The Iowa Department of Public Health has a great video that explains what you should do if you suspect you have a foodborne illness.
Foodborne illness is food poisoning. It occurs when you eat food that contains bacteria, viruses, parasites, toxins, or chemicals that can make you sick. Symptoms include nausea, vomiting, diarrhea, abdominal pain, stomach cramps, loss of appetite, fatigue, and fever. But remember that other diseases can cause these symptoms too. See your doctor for a diagnosis.
Most foodborne illness symptoms don’t appear until 6-24 hours after eating. Some symptoms take 3-4 days to manifest. Many people do not know that most foodborne illnesses are not caused by the last meal you ate.
See your doctor if you experience frequent episodes of vomiting that lasts for two days, if you vomit blood, can’t keep liquids down, have diarrhea that lasts for more than one day, are dehydrated, are experiencing severe pain or cramping, and/or have a fever of 101.5 or higher.
If you suspect you have a foodborne illness, ask your doctor to take a stool sample. This may identify the bacteria or virus that may be the cause of your illness. Samples can help identify an outbreak early on, so authorities can take action and fewer people become ill.
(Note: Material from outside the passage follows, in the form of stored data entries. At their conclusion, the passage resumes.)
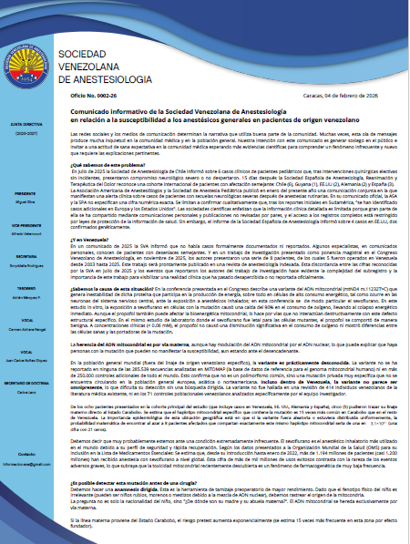 Comunicado informativo de la Sociedad Venezolana de Anestesiología en relación a la susceptibilidad a los anestésicos generales en pacientes de origen venezolano / Academias y Sociedades, De Interés, Declaraciones / Por Academia Nacional de Medicina Compartir PDF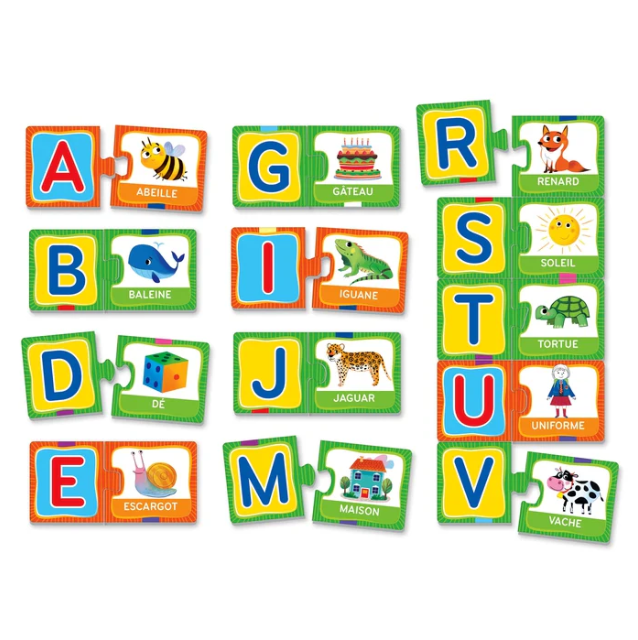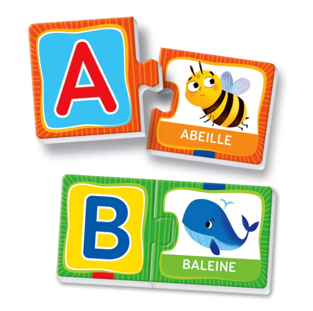 26 mini-puzzles illustrés à assembler pour apprendre les lettres de l’alphabet et les premiers mots.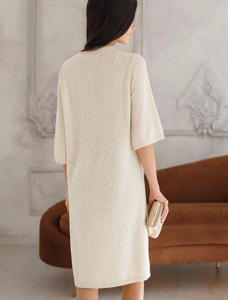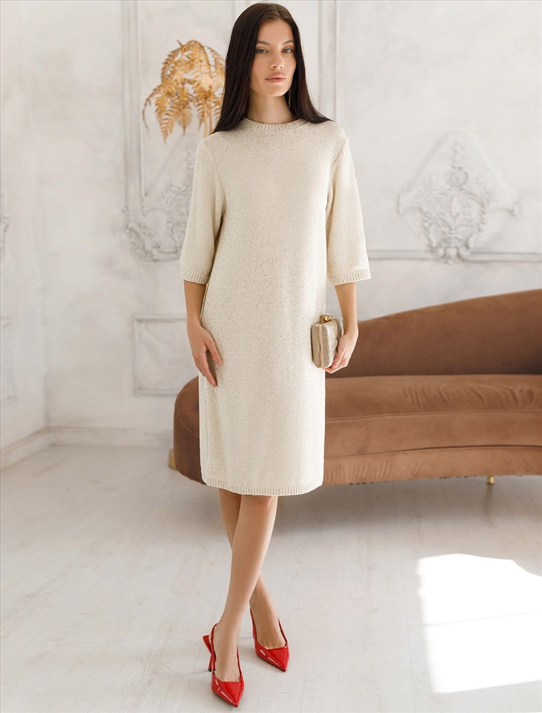 Эффектное платье бежевого цвета с широкими рукавами средней длины выполнено из хлопковой пряжи с вкраплением сияющих пайеток, что придает особую изысканность. Платье связано изнанкой, пряжа отличается легкостью и приятной текстурой, совершенно не колется, обеспечивает комфорт даже при длительном использовании, а натуральные волокна поддерживают оптимальный температурный баланс. Крой полуприлегающий, подчеркивает женственный силуэт, а круглый ворот, манжеты на рукавах и по низу гармонично завершают дизайн, создающий аккуратный образ. Благодаря универсальному крою, платье подойдет девушкам и женщинам пышных форм и больших размеров, длина миди подходит на низкий и высокий рост. Мерцающее полотно добавляет особого шарма вашему образу, делая его уместным как на праздник, так и для повседневного выхода. Новый год, вечеринка или любое другое мероприятие пройдут ярко — сияющие пайетки создают ощущение праздника в каждом движении. Это стильное платье поможет чувствовать себя уверенно на любом мероприятии в осенний и зимний сезон.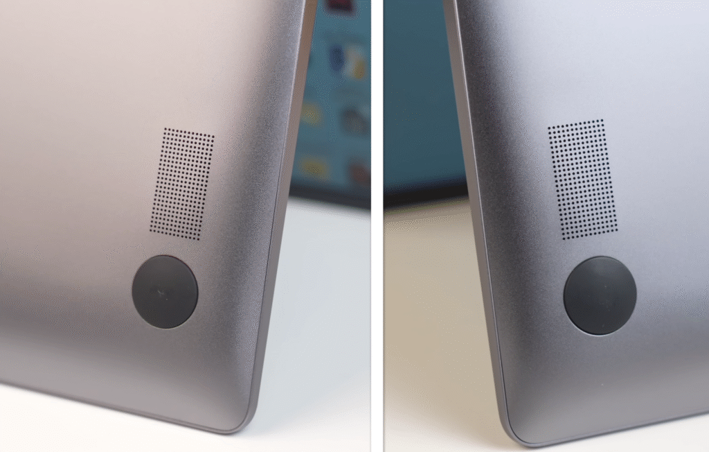The edges are smooth, and the bottom panel has air vents, rubber padding and dual 2-watt speakers with Dolby Atmos.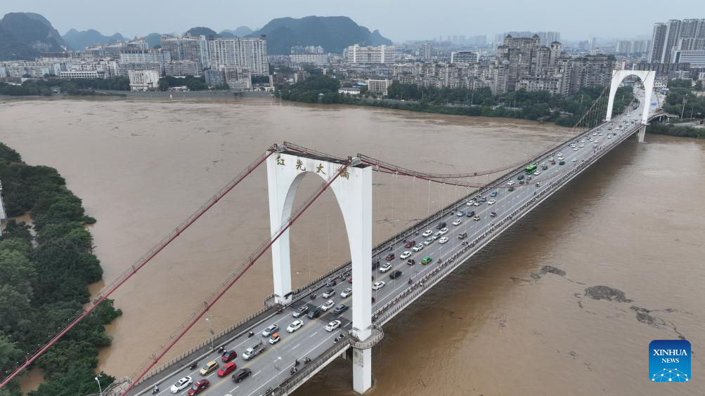 Water level of Liujiang River rises to 86.3 meters in China's Guangxi

Bacteria will be sent to a state lab for DNA fingerprinting. Bacteria have unique DNA. The lab will compare the DNA of the bacteria in your sample to others to see if an outbreak has occurred. A public health investigation will be launched if a connection is suspected with a grocery store, restaurant, marketplace, or other licensed establishment.
If there is any leftover suspected food, keep it in the fridge and mark “do not eat.” DON’T freeze it. It may be needed for testing if an outbreak exists.
When an outbreak has been identified and if the bacteria that caused your illness is connected, you’ll be asked questions about the foods you’ve eaten in the past week, along with questions about animal contact and water or beverages you’ve consumed. The interview usually takes about 30 minutes. Sometimes a written questionnaire is used instead.
If the illness is linked to a licensed food establishment, an inspection will be conducted there. Inspectors will take samples from the food and equipment to see if the same bacteria that caused your illness is found in that establishment. The establishment may be closed for several days for sanitizing, and will be re-inspected before opening.